Action item.
Below are the records; return every line from the one that contains "Assentos em espuma" to the last, exactly, skipping the pictures.

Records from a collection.

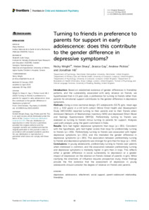 Wright, N., Sharp, H., Gay, J., Pickles, A. and Hill, J. (2023) Turning to friends in preference to parents for support in early adolescence: does this contribute to the gender difference in depressive symptoms? Frontiers in Child and Adolescent Psychiatry, 2. ISSN 2813-4540 doi: 10.3389/frcha.2023.1150493
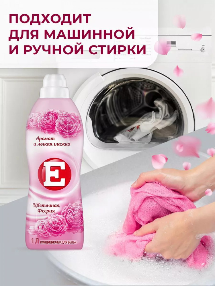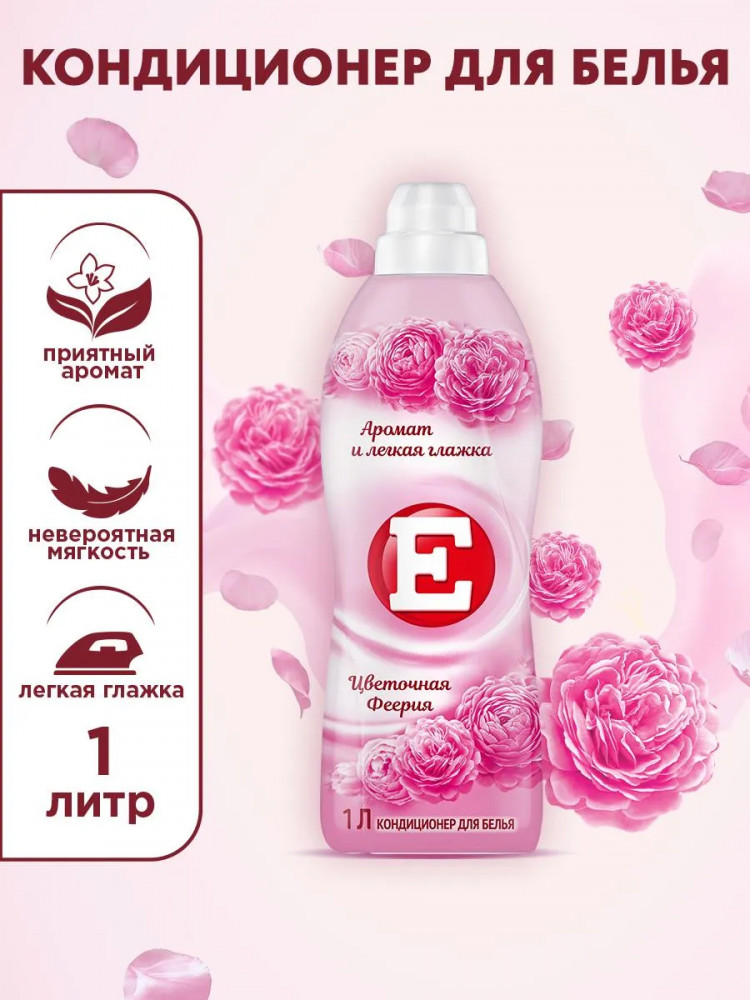 Кондиционеры для белья «Е» окружают нежностью, приятным ароматом и придают белью удивительную мягкость. «Е» завоевал доверие потребителей благодаря легким и приятным ароматам, подходящим для всей семьи, и удивительной мягкости, которую он дарит белью.
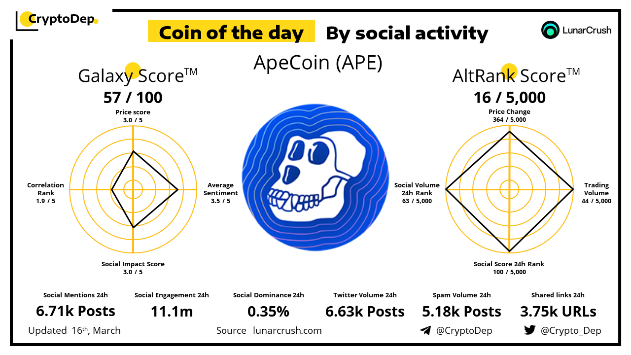 ββCoin of the day by social activity - ApeCoin (APE).
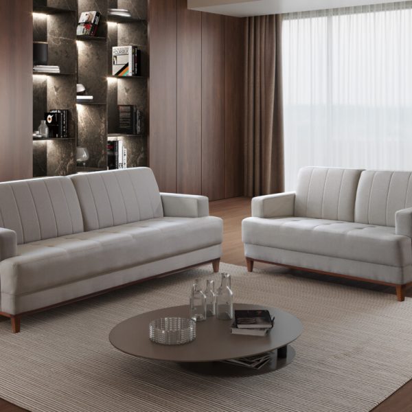Assentos em espuma D33, com camada de espuma HR (alta resiliência), molas de aço “S” e percintas elásticas.
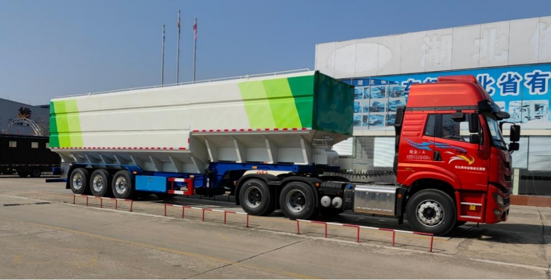 運輸糧食、玉米、飼料等物品都需要專用的車型,尤其是市場上都是為了省時方便,選擇了一款傳送帶專用的半掛糧食運輸車,以下是詳細配置介紹:

Completed exercise.
Assentos em espuma D33, com camada de espuma HR (alta resiliência), molas de aço “S” e percintas elásticas.
 運輸糧食、玉米、飼料等物品都需要專用的車型,尤其是市場上都是為了省時方便,選擇了一款傳送帶專用的半掛糧食運輸車,以下是詳細配置介紹:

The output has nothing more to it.